- _Task brief_
Lines to return, exactly: from the line with "Model: PC160LC-8, PC190LC-8, PC190NLC-8" to the line with "小个子设计感短款蕾丝荷叶边上衣春季休闲女式衬衫 146973" in the entries below, both included.
######
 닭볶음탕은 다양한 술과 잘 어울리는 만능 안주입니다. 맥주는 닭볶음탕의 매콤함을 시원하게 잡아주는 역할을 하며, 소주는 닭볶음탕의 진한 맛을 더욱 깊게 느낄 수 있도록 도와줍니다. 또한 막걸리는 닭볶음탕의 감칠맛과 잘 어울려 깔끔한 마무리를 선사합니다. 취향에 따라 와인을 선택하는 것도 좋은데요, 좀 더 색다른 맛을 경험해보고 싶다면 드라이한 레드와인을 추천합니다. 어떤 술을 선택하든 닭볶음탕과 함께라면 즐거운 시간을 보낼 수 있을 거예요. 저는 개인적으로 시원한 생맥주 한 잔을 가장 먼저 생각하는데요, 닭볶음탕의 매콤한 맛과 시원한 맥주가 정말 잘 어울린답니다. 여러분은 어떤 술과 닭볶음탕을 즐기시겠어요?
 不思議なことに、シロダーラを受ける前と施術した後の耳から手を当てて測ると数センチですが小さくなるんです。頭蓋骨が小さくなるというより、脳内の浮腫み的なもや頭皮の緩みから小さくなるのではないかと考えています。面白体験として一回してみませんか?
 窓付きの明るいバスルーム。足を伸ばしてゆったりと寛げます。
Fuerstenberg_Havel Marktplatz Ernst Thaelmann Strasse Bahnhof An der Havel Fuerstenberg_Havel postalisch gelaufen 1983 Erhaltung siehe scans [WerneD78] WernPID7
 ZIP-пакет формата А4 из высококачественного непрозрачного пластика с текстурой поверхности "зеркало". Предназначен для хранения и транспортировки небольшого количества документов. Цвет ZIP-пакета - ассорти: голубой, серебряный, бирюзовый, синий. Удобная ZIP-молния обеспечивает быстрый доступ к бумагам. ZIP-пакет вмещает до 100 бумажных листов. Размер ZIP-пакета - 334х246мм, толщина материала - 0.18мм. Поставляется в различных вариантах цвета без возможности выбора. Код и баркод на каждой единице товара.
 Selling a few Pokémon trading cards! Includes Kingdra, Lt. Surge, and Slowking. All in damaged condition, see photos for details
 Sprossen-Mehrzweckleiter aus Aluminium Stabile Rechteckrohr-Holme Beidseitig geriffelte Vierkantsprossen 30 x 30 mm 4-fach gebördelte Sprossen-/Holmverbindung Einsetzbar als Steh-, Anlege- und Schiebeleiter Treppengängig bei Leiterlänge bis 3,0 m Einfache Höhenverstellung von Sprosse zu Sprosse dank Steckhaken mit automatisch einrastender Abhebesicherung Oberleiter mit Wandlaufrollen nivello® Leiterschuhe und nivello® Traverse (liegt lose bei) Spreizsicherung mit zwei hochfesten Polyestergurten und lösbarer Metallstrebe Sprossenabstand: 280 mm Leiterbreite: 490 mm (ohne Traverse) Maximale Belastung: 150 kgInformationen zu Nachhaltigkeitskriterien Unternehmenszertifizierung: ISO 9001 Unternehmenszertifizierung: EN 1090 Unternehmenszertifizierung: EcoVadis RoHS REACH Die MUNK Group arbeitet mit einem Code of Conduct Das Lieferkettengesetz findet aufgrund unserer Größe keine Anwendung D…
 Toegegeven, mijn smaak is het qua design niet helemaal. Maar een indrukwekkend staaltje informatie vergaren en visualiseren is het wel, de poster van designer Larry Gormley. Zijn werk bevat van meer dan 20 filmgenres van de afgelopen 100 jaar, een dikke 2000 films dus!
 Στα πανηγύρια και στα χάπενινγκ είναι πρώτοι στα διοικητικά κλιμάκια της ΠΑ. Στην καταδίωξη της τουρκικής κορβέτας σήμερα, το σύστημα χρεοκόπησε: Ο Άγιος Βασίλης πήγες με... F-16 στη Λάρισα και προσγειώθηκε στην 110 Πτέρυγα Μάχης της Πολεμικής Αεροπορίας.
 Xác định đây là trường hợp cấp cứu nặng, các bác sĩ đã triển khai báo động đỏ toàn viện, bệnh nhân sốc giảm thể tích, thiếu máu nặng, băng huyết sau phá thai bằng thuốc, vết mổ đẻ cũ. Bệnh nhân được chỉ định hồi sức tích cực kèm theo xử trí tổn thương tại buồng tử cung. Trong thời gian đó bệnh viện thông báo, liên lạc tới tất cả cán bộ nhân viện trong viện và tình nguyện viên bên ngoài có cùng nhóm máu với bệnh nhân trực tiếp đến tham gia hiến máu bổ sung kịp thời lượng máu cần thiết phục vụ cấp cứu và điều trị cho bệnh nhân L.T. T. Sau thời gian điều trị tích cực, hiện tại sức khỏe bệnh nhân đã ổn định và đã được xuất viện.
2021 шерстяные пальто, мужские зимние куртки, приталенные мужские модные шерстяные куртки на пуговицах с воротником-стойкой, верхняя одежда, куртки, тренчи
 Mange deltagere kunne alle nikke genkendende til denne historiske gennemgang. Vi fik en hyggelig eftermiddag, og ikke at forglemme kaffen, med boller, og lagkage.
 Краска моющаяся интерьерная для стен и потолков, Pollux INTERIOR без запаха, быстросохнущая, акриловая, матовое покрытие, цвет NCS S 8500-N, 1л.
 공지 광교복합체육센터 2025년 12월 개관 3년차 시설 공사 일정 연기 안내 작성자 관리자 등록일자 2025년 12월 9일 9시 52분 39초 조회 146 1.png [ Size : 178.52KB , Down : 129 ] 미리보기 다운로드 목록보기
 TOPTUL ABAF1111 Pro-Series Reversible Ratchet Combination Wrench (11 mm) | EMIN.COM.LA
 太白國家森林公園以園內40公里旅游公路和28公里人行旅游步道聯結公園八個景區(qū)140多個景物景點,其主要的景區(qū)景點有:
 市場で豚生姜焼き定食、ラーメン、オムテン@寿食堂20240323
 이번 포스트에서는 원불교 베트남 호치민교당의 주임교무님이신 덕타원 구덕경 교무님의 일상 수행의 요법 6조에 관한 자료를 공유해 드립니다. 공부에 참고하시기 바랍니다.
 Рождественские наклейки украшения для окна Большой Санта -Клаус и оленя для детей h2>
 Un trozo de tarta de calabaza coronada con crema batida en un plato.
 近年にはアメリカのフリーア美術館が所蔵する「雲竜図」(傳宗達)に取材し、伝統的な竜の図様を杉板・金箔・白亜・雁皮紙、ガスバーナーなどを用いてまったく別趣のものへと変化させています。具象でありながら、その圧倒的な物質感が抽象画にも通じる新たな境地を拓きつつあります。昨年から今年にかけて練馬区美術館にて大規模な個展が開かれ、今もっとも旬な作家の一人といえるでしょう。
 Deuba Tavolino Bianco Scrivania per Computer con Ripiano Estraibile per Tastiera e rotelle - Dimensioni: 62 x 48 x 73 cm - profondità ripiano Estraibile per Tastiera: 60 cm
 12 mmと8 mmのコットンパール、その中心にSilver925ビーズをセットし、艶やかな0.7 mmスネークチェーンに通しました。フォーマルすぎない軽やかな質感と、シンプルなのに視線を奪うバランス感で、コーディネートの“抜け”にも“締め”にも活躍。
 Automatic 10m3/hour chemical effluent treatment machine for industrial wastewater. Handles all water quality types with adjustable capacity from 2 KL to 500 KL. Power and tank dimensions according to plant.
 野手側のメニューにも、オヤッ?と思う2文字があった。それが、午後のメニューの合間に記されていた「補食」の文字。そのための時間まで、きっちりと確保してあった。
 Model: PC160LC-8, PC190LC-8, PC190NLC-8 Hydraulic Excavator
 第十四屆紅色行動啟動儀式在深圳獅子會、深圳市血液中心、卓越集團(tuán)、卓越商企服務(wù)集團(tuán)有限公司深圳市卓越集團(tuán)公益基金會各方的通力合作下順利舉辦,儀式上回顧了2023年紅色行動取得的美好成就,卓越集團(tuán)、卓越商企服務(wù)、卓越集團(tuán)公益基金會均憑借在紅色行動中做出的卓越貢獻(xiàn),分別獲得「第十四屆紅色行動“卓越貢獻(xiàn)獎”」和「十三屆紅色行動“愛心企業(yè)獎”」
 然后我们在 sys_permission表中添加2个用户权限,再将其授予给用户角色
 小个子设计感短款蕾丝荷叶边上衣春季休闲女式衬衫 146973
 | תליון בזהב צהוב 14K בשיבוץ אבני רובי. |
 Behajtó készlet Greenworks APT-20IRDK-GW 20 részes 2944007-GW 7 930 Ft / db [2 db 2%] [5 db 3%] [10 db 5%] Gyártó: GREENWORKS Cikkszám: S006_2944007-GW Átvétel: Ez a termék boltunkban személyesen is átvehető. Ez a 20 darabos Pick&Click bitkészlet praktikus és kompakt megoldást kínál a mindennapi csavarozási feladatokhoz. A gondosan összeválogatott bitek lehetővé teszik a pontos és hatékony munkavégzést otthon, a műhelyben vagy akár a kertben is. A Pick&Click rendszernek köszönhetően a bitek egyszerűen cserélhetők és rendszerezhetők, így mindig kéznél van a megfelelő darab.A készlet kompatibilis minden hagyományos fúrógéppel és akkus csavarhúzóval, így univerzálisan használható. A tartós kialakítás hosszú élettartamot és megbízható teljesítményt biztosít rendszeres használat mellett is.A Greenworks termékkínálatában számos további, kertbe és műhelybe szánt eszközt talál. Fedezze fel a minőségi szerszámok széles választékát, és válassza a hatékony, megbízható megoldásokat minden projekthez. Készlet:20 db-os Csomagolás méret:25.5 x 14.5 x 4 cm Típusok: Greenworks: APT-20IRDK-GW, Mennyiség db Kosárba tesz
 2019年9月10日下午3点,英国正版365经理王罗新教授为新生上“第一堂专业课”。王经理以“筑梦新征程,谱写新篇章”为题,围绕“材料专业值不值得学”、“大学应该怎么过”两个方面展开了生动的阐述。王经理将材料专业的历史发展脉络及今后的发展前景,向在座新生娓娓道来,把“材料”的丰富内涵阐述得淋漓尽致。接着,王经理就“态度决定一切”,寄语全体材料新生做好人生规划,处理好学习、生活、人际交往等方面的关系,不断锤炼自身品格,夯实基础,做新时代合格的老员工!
######
- _Output for this task_
 Model: PC160LC-8, PC190LC-8, PC190NLC-8 Hydraulic Excavator
 第十四屆紅色行動啟動儀式在深圳獅子會、深圳市血液中心、卓越集團(tuán)、卓越商企服務(wù)集團(tuán)有限公司深圳市卓越集團(tuán)公益基金會各方的通力合作下順利舉辦,儀式上回顧了2023年紅色行動取得的美好成就,卓越集團(tuán)、卓越商企服務(wù)、卓越集團(tuán)公益基金會均憑借在紅色行動中做出的卓越貢獻(xiàn),分別獲得「第十四屆紅色行動“卓越貢獻(xiàn)獎”」和「十三屆紅色行動“愛心企業(yè)獎”」
 然后我们在 sys_permission表中添加2个用户权限,再将其授予给用户角色
 小个子设计感短款蕾丝荷叶边上衣春季休闲女式衬衫 146973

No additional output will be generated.